Collapse in gold imports is the only silver lining
Given how the government made reduction in gold imports a big priority, it has reason to be happy about the collapse in June gold imports. The problem, however, is that overall imports are now at a level last seen in March 2011, suggesting a very poor economic situation. Were the collapsing imports being substituted by more local supplies, that would be fine, this would be the classic J-curve impact of a falling rupee—imports fall off first while exports take a bit of time to respond. That, however, isn’t happening since the industrial production numbers for May have contracted by 1.6%. All told, while imports have collapsed, so have exports, taking the cumulative first quarter FY14 trade deficit to over $50 billion, making financing the CAD a serious problem, more so since FII flows continue to be negative. Which is why, even if temporarily, the return of global risk-on hasn’t really helped the rupee regain much of its lost value—the small gain is a result of RBI intervention and curbs put on traders, a losing game given the size of the overseas NDF market in rupees that the government has no powers to control. On a quarterly basis, Q1 exports were $72.5 billion, down $11 billion from the previous quarter and $1 billion from the same quarter last year. Given the fall in market share in areas like even textiles, an uncompetitive Indian industry is losing out on the opportunity created by Chinese wages rising and its currency appreciating.
The April IIP, it is true, was exaggerated because of an inexplicable 87% surge in apparel production—once you fix for this, IIP grew just 0.4% as opposed to the numberplate 1.9%—but the May contraction comes as a real shocker. Even though there were enough indicators flashing red a few months ago, only twice before in the last 3 years have consumer goods sales contracted—the 4% contraction in May was the most severe. Medium- and heavy-commercial vehicles, a lead indicator of industrial activity, have been in contraction mode since October 2012 but, at 10.6%, the June fall has been the highest. Even passenger vehicles have been contracting since December 2012 though, at 4.8%, the intensity of the June fall has been lower than in the past. The fact that June 2012 IIP contracted will, though, help make June 2013 IIP look a bit healthier.

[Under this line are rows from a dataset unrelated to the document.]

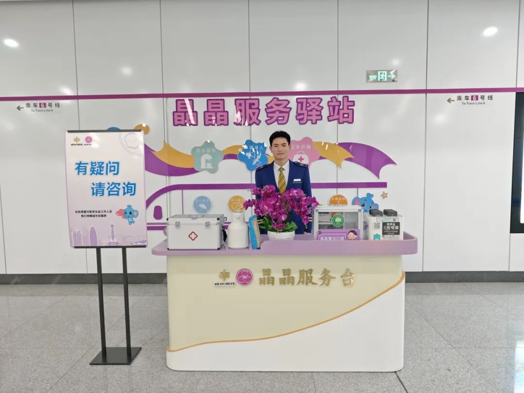 奧體中心站設(shè)置晶晶服務(wù)臺(tái),擺放熱水壺、一次性水杯、移動(dòng)充電寶、醫(yī)療箱、晶晶魔法口袋百寶箱等物品,為乘客提供優(yōu)質(zhì)高效的服務(wù)。此外,客服中心還提供行李臨時(shí)免費(fèi)寄存服務(wù),車站提供衛(wèi)生間引導(dǎo)服務(wù),乘客使用便民服務(wù)卡即可至6/14號(hào)線站臺(tái)使用衛(wèi)生間,輕松觀演,順暢無憂。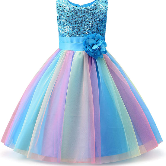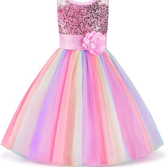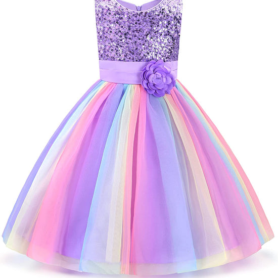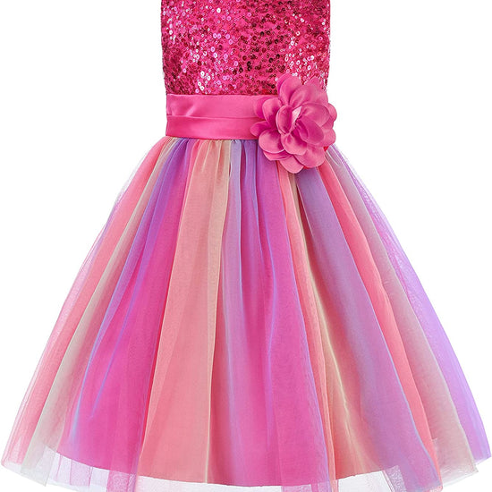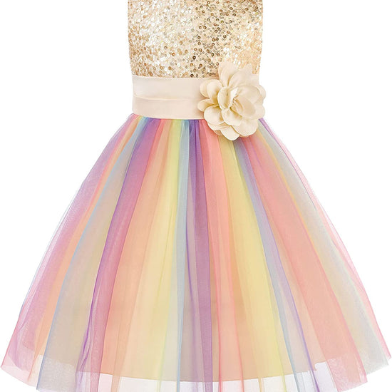 この愛らしいノースリーブのスパンコールのレインボードレスは、小さな女の子への素晴らしい贈り物です。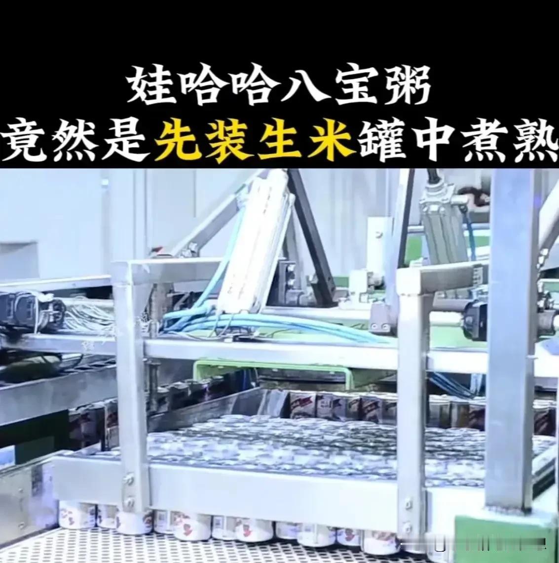 这个厉害,一直以为所有的八宝粥是煮好放进去的,原来不是,以前一直在想,为什么不是铝罐,而是铁罐装,现在终于明白,原来罐头八宝粥都先定量加速各种材料和水,然后封罐,然后再一炉一炉的送进高压仓蒸煮,因为内外压力一样,所以不会因为加热而炸开!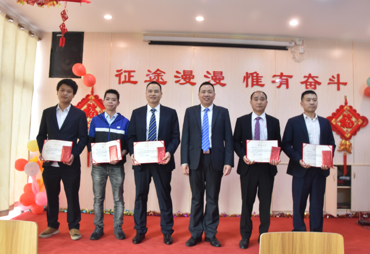 生產(chǎn)部經(jīng)理廖小強(qiáng)為伍志強(qiáng)、柳敏捷、戴剛、韋進(jìn)勇頒發(fā)先進(jìn)個人獎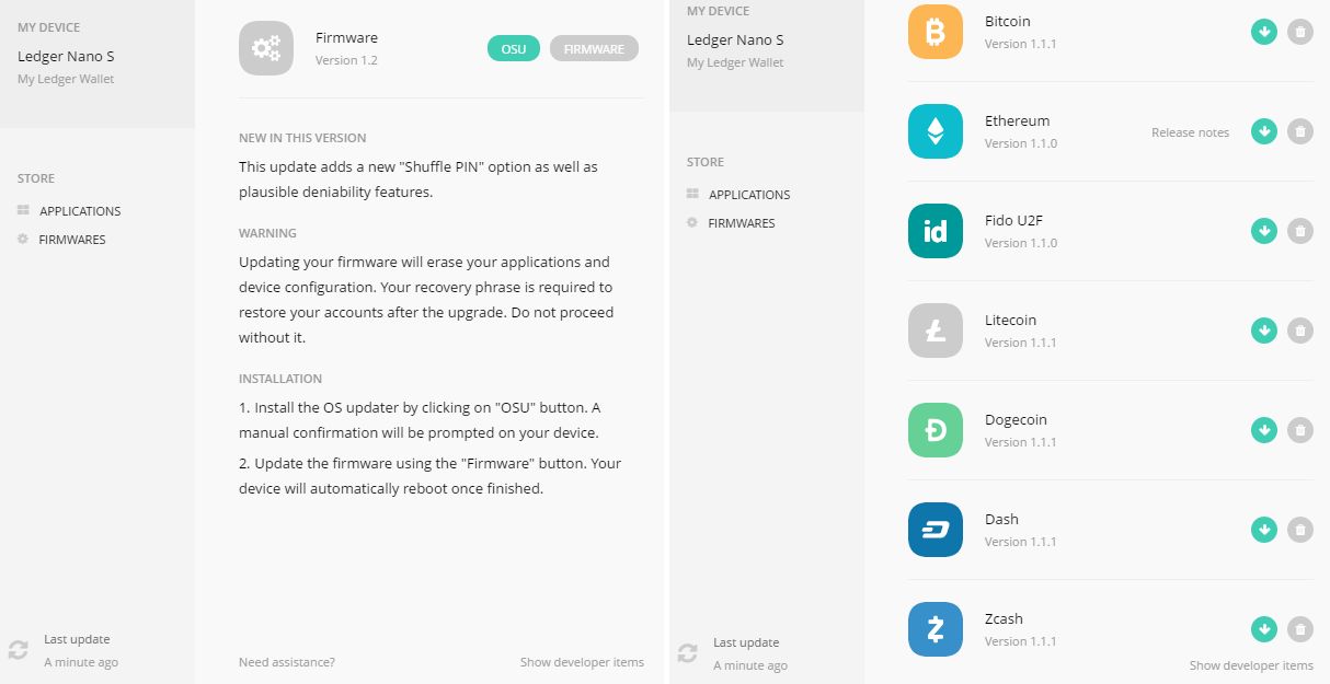 Pour mettre à jour le Nano S utilisez l’application « Ledger Manager » (disponible sur Chrome pour Windows, Mac OS, Linux ou Chrome OS), branchez l’appareil, entrez votre code PIN et, sur l’application chrome rendez-vous sur Firmwares > OSU (= OS update)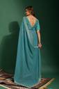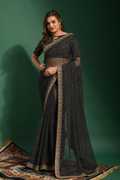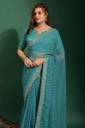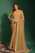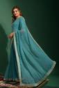 This elegant saree is crafted from soft georgette chiffon featuring beautiful Bandhani prints combined with intricate embroidery work on the lace. The saree measures 5.50 meters in length, offering a graceful drape. It is paired with an unstitched blouse piece made from Banglori satin, adorned with all-over work, and measuring 0.80 meters. This combination of printed georgette and embellished satin provides a perfect blend of traditional charm and modern sophistication, making it ideal for special occasions.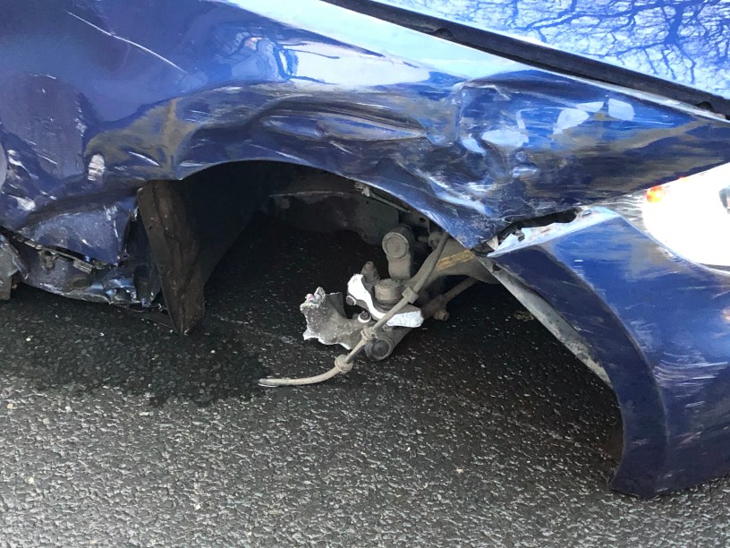 What we know about this crash is the Blue car blocking the westbound side of Park Road heading to Washway Road is a right off, the left-hand side wheel has come off and big scrapes are on the side of the car.

In such a situation, a rate cut is seen as the ideal solution but what complicates things is that high interest rates are important to attract foreign debt flows so vital for the rupee. In any case, while lower EMIs can stimulate demand, any recovery to even a 6% growth is going to be a tough haul. Until growth picks up and there are more jobs on the horizon, consumption growth can’t really pick up, and even if the government clears various investment bottlenecks, India Inc is too leveraged to finance new projects. The government’s best hope, under the circumstances, is to focus on projects that can quickly get off the ground—the DMICDC projects come to mind immediately, as do the pending FDI proposals to buy existing Indian pharma firms as well as clearances for oil firms that are even more anxious to invest now that gas prices have been raised. As the HUL and Diageo open offers show, foreign interest in India remains alive.